From the arguments given above I conclude that to speak falsely with the intention to deceive is wrong, and is primarily wrong as a sin against oneself, and in particular is so because it is, as St. Thomas says, unnatural in such a way as to be inconsistent with one's own moral life. It is, however, also a wrong committed against other human beings, to the extent it violates what is owed in veracity or truthfulness, and a wrong committed against God, to the extent it involves aversion from God as First Truth; and all cases are both, but not always to the same degree.

It should be said, however, that on certain positions, like that of Scotus, God may dispense from the wrongness of speaking falsely with the intent to deceive in certain cases. It is not my intent to address this matter here, where it is not relevant; for in such a case the possible permissibility through dispensation can only be in the nature of the act in somewhat like the way that the possibility of a miracle is in the nature of things.

To the first. This objection has been answered at length, and adequately, many times by moral theologians. Thus the midwives are commended not for speaking falsely but explicitly because they feared God, which they did when they saved the Hebrew children, the falsehood merely being their excuse to Pharaoh. The same can be said of Rahab, who explains her actions in hiding the spies as being due to reverence for the God of the Israelites, and it is in this sense that Rahab acted with faith; and it also seems to commend her for prudence in taking steps to save herself and her family, as Scotus suggests. Judith is likewise praised for seeking to raise the afflicted of Israel. And Jehu is commended, despite being otherwise a truly wicked man, because in this one matter he stood for the Lord. Now, as Aquinas says, Jehu is no model for anyone, and it cannot be assumed that even when he is praised for his goals that his methods are held up as a model for us. And as Scotus says, they clearly are not, for the lie told by Jehu both provoked people to a sin, namely, to worship Baal, and was a way of procuring the death of others. And, as Scotus says of the story of Judith, "her exploit is told in Scripture and recited in the Church as something praiseworthy only to the extent it manifested religious devotion, though some other circumstances connected with this deed are neither praiseworthy nor allowable." With regard to the midwives, to Rahab, and probably to Judith, however, one can say that their action was consistent with love of God and love of neighbor, for they acted in both cases out of love of God and of neighbor; but this does not imply that their means were in every way perfectly appropriate to this, and the fact that they acted out of love of God and of neighbor is consistent with their means being a venial sin. And this is the way the stories have generally been taught through the centuries. Thus Aquinas says (ST 2-2.110.3 ad 3), "Some are commended in the Scriptures, not on account of perfect virtue, but for a certain virtuous disposition, seeing that it was owing to some praiseworthy sentiment that they were moved to do certain undue things."

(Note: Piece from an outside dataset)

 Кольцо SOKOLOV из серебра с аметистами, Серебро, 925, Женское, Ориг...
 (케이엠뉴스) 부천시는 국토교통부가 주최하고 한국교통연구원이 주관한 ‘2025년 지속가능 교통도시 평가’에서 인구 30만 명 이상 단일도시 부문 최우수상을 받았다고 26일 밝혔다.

To the second. We must be very careful in interpreting the words of certain of the Fathers, not because their arguments are not worthy of respect, but because words may shift meaning over time. And this is clear here, for sometimes the Church Fathers will speak of lying in cases where we would not; and this is true in both the case of Cassian and the case of Chrysostom. For Cassian includes under the term at least three things, promise-breaking, withholding the truth, and speaking what is false, and he does not consider any of the three precisely under the aspect in which they might involve the intent to deceive, but only insofar as deception can be an effect that follows from them. For the monks asked Joseph whether they should break a promise that they certainly did not make with the intent to deceive, for they were sincere in it at the time; but they are worried that if they break the promise they will have had the effect of deceiving others, and perhaps provide a model to others who would take it as an excuse for deceiving themselves. Likewise, Chrysostom is defending himself not for speaking falsely but for not speaking the truth; for he led his friend to assume that he, too, would join the priesthood without delay, despite the fact that Chrysostom knew that his obligations to his mother prevented it; and he did this not by saying anything false, but simply by not telling his friend about his obligation to his mother, knowing that his friend would assume that Chrysostom told him everything. And Chrysostom did this because he knew that it was better for his friend and for the Church for his friend to become a priest, but also knew that his friend would not do so unless he thought that Chrysostom would be ordained with him. Thus Chrysostom says this stratagem or economy should perhaps not even be considered a deception in the proper sense; and his discussion does not seem particularly relevant to this question. And I would argue that this is also true with regard to the interpretation of Peter and Paul as providing, for the purpose of teaching,a dissimulation; for we are not told that either spoke falsely.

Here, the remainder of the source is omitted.